Ebersol also looks back fondly on his creation of NBC’s “Later With Bob Costas,” which took the sportscaster in a new direction in 1988, conducting one-on-one conversations with celebrities and newsmakers. “I do think those shows are gems and Bob had a wonderful way [of interviewing]. Whether it was Springsteen or a Beatle or Mike Wallace, it was sensational TV when those people would really open up about life.”

The book’s most moving chapter concerns the death of Ebersol’s 14-year-old son Teddy in a 2004 Colorado plane crash that badly injured the producer and another of his sons with his wife, actor Susan Saint James.

“As I write and talk about often, Teddy never failed to continue to be part of our life,” he says. “Susan was a big believer that by talking about the people you loved and the shared memories you had, their spirit is still alive.
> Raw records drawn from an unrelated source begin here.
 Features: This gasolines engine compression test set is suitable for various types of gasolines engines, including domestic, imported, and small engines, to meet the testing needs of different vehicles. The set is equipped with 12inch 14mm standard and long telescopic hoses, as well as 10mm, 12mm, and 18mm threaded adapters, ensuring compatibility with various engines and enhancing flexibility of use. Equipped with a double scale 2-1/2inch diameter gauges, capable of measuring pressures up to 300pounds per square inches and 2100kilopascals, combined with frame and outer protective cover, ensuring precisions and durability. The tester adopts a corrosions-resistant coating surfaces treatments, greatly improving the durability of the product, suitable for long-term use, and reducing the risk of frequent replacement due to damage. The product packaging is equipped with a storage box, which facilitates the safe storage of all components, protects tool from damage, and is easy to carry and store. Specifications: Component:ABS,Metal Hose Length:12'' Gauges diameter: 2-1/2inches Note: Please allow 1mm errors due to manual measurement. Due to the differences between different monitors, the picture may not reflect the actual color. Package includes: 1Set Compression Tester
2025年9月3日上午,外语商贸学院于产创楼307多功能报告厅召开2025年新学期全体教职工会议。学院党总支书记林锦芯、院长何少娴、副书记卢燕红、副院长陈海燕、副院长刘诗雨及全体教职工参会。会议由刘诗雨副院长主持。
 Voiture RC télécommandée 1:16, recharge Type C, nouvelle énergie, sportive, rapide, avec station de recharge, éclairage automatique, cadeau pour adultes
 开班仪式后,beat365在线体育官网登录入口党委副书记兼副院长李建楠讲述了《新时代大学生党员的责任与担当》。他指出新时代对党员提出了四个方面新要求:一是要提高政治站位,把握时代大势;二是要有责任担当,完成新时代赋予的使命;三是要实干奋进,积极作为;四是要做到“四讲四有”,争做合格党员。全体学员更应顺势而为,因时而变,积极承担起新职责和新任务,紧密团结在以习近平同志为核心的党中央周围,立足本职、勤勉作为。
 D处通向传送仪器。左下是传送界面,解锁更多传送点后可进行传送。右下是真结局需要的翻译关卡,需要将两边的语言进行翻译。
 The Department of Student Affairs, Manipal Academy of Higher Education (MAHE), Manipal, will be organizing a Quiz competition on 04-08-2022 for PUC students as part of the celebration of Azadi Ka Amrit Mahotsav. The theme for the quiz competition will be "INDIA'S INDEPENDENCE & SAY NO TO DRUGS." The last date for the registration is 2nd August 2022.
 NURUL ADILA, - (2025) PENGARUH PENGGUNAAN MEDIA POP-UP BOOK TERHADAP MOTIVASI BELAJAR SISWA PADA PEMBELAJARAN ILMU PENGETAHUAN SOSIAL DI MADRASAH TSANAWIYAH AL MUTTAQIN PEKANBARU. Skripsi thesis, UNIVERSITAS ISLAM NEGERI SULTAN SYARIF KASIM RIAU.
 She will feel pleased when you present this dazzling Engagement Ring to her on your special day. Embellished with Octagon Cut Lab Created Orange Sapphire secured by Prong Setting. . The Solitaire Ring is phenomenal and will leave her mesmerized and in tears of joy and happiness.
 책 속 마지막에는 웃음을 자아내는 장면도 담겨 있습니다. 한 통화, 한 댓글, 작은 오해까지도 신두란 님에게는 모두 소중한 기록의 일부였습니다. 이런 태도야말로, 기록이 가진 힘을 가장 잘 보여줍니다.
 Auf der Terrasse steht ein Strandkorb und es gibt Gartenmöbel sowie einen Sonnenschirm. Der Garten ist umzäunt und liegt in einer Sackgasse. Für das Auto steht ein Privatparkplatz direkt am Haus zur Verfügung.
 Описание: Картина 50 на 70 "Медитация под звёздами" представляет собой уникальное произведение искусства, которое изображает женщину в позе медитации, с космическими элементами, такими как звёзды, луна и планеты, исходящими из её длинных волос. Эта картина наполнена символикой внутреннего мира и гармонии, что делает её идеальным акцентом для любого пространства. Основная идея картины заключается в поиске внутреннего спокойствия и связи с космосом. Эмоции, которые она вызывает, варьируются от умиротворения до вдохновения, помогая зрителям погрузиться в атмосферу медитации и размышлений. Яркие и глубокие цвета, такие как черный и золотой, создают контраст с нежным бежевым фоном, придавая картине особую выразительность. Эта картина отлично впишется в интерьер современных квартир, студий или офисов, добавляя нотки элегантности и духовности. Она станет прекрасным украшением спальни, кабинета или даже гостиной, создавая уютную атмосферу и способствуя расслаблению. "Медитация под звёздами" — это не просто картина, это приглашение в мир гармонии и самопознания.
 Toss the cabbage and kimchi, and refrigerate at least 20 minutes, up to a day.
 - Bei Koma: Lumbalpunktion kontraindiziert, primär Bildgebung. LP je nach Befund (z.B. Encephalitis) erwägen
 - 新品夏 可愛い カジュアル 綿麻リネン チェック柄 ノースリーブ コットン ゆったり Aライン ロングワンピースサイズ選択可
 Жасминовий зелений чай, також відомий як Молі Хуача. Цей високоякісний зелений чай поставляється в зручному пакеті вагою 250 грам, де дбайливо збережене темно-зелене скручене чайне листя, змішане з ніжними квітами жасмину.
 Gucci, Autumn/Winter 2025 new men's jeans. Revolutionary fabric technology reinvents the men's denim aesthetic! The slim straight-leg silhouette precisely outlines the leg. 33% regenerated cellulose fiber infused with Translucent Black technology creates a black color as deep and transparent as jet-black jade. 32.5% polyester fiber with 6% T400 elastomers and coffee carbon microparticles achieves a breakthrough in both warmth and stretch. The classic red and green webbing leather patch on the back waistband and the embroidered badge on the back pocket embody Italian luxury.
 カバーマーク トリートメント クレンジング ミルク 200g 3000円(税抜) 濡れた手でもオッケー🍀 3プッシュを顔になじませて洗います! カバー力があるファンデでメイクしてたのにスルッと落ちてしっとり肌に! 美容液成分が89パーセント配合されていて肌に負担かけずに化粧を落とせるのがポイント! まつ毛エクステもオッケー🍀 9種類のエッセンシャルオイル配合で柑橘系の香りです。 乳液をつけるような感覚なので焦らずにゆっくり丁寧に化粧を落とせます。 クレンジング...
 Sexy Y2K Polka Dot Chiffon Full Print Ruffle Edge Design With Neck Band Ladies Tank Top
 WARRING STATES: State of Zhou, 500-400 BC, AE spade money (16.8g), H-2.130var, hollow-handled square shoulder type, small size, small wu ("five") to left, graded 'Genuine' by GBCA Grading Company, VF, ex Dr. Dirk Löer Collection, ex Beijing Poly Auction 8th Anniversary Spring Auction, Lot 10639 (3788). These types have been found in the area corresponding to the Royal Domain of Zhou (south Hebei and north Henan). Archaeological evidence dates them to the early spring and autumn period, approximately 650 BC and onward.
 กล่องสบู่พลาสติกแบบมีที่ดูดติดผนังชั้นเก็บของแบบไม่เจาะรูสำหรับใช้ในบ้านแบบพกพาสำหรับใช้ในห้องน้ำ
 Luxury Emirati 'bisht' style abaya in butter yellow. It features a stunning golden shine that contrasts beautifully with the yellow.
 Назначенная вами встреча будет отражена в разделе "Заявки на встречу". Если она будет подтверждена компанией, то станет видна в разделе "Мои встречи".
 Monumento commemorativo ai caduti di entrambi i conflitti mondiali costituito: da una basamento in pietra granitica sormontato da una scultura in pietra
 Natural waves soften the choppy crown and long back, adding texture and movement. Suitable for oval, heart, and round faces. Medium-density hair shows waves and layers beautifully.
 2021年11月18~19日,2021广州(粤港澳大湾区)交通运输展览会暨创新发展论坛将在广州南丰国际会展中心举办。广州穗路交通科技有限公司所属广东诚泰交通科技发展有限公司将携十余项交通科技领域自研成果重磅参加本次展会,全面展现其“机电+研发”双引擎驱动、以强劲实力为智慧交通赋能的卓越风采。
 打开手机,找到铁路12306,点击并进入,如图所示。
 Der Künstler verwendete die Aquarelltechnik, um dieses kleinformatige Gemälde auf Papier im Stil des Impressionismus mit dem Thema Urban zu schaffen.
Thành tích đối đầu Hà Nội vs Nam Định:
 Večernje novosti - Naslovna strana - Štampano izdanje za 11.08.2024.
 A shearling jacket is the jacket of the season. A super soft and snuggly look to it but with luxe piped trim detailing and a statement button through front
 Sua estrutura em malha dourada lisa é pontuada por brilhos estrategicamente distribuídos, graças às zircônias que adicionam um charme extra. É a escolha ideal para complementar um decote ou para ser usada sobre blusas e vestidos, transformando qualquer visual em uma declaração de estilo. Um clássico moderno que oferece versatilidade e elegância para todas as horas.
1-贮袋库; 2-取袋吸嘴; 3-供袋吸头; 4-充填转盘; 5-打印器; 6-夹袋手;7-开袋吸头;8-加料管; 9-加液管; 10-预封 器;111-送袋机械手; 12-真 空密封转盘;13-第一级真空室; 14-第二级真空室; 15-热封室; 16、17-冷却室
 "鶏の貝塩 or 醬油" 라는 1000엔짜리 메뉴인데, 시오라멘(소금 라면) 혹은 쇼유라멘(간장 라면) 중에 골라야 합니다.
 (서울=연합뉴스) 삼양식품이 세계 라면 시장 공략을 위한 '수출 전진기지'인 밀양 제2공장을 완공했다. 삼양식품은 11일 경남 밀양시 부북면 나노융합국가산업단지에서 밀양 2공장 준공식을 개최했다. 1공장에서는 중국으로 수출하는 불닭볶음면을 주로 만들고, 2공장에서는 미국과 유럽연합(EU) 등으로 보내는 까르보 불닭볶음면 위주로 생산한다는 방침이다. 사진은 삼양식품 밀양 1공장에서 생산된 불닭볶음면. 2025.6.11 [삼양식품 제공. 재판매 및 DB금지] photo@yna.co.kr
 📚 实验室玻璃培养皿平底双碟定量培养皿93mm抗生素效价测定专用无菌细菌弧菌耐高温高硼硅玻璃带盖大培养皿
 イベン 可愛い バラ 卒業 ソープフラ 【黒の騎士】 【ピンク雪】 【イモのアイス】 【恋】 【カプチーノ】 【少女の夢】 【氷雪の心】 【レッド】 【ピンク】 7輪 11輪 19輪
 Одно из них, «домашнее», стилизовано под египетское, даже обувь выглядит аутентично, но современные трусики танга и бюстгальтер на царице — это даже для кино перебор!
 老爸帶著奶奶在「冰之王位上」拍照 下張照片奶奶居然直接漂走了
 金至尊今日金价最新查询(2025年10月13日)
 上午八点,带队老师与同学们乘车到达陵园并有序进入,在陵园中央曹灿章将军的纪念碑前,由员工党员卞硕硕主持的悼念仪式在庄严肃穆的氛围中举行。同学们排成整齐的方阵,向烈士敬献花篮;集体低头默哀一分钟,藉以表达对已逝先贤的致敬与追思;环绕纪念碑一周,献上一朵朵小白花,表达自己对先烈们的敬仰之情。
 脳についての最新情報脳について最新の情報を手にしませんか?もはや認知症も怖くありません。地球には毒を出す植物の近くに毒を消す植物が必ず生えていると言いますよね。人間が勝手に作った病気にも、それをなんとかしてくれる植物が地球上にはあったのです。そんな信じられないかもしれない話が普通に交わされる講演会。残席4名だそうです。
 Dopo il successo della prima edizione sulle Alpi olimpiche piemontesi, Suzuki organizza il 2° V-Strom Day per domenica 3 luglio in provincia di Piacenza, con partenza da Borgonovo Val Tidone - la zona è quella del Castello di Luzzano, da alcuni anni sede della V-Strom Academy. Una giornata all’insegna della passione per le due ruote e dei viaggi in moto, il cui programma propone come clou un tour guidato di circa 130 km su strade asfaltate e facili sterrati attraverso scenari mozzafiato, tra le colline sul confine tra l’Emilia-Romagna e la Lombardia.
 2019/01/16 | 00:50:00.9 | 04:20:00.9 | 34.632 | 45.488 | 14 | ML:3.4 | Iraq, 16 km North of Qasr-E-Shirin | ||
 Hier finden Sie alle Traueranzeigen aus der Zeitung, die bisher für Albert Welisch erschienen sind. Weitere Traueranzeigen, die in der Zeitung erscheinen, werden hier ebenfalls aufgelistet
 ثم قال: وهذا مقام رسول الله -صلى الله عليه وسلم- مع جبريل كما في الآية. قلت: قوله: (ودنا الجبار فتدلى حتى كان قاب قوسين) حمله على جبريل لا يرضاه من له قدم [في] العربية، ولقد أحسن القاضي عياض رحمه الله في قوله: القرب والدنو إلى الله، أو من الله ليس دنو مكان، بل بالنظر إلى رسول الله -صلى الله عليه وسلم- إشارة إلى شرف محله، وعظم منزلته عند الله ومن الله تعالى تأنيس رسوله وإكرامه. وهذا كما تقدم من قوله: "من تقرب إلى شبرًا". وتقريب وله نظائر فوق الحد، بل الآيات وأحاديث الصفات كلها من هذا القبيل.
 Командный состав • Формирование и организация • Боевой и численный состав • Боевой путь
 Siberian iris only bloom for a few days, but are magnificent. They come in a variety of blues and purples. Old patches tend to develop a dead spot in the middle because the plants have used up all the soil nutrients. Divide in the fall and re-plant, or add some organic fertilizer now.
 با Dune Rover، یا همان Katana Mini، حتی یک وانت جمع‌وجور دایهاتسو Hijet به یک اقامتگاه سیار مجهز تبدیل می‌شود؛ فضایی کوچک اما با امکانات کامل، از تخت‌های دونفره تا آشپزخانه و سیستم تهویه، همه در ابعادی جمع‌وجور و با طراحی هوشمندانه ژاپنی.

And my kids felt the same way.”

Indeed, Ebersol offers his experience as an example of how to process a heartbreaking loss.

“I have seven grandchildren, and five of those talk about Uncle Teddy, who they never met,” Ebersol said. “The best thing you can do is talk about, not in a sad manner, but a joyous manner, how lucky you were to have them be part of your life and share stories of what those moments were like.”